Module 3 - Assessment of Mental Health for People with an Intellectual Disability

Diagnostic Criteria

In attempts to increase the reliability of psychiatric diagnoses, most classification systems have become 'operationalised' so that the criteria needed to make a particular diagnosis have become very specific and clear to minimise room for disagreement. DSM V has adopted this approach and allows for the systematic recording of clinical information. As noted, DSM V disorders are grouped into major diagnostic classes.  In general, these classes are based on groups of illnesses that share common symptoms or tend to occur at a particular developmental stage.  Within each major diagnostic class the specific criteria required to make a diagnosis are set out.  Usually this will consist of inclusion criteria (i.e. symptoms or factors that must be present to make the diagnosis) and exclusion criteria (i.e. symptoms or factors that, if present, dictate that a particular diagnosis cannot be made). Criteria are generally quite restrictive and specific. Although DSM V lists the criteria needed to make a diagnosis it does not attempt to include the total range of problems and symptoms that may co-exist with any one diagnosis.

As an example, here are the DSM-V diagnostic criteria for depression.

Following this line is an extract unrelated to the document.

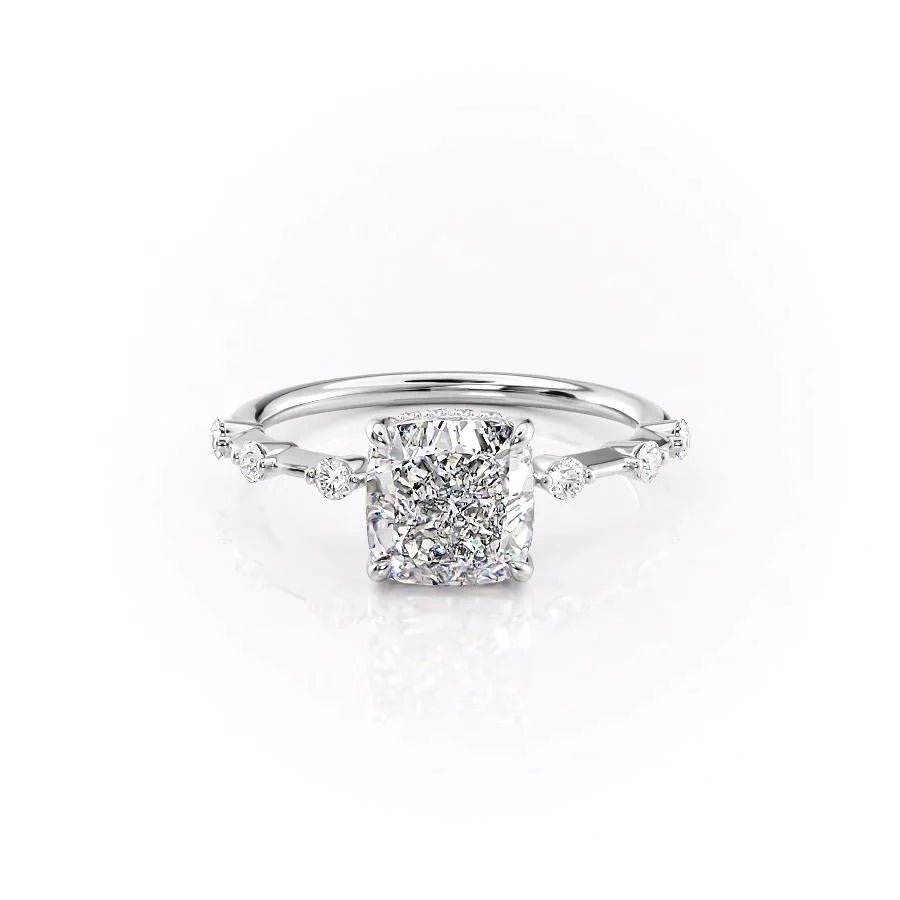 The Hidden Halo Penelope Set With A 1.0 Carat Cushion 14K White Gold Lab Diamond

A.  Five (or more) of the following symptoms have been present during the same two-week period and represent a change from previous functioning; at least one of the symptoms is either (1) depressed mood or (2) loss of interest or pleasure. Note: Do not include symptoms that are clearly due to a medical condition. (1) depressed mood most of the day, nearly every day, as indicated by either subjective report (e.g., feels sad or empty) or observation made by others (e.g., appears tearful). Note: in children and adolescents can be irritable mood. (2) markedly diminished interest or pleasure in all, or almost all, activities most of the day, nearly every day (as indicated by either subjective account or observation made by others). (3) significant weight loss when not dieting or weight gain (e.g., a change of more than 5% of body weight in a month), or the decrease or increase in appetite nearly every day.  Note: in children, consider  failure to make expected weight gains. (4) insomnia or hypersomnia nearly every day. (5) psychomotor agitation or retardation nearly every day (observable by others, not merely subjective feelings of restlessness of being slowed down). (6) fatigue or loss of energy nearly every day. (7) feelings of worthlessness or excessive or inappropriate guilt (which may be delusional) nearly every day (not merely self-reproach all guilt about being sick). (8) diminished ability to think or concentrate, or indecisiveness, nearly every day (either by subjective account or as observed by others). (9) recurrent thoughts of death (not just a fear of dying), current suicidal ideation with  a specific plan, or a suicide attempt or a specific plan for committing suicide. B. the symptoms cause clinically significant distress or impairment  in social, occupational, or other important areas of functioning. C. the symptoms are not due to the direct physiological effects of a substance (e.g., a drug of abuse, medication) or a general medical condition (e.g. hypothyroidism). D The occurrence of the major depressive episode is not better explained by schizoaffective disorder, schizophrenia, schizophreniform disorder, delusional disorder or other psychotic disorders. E. There has never been a manic or hypomanic episode.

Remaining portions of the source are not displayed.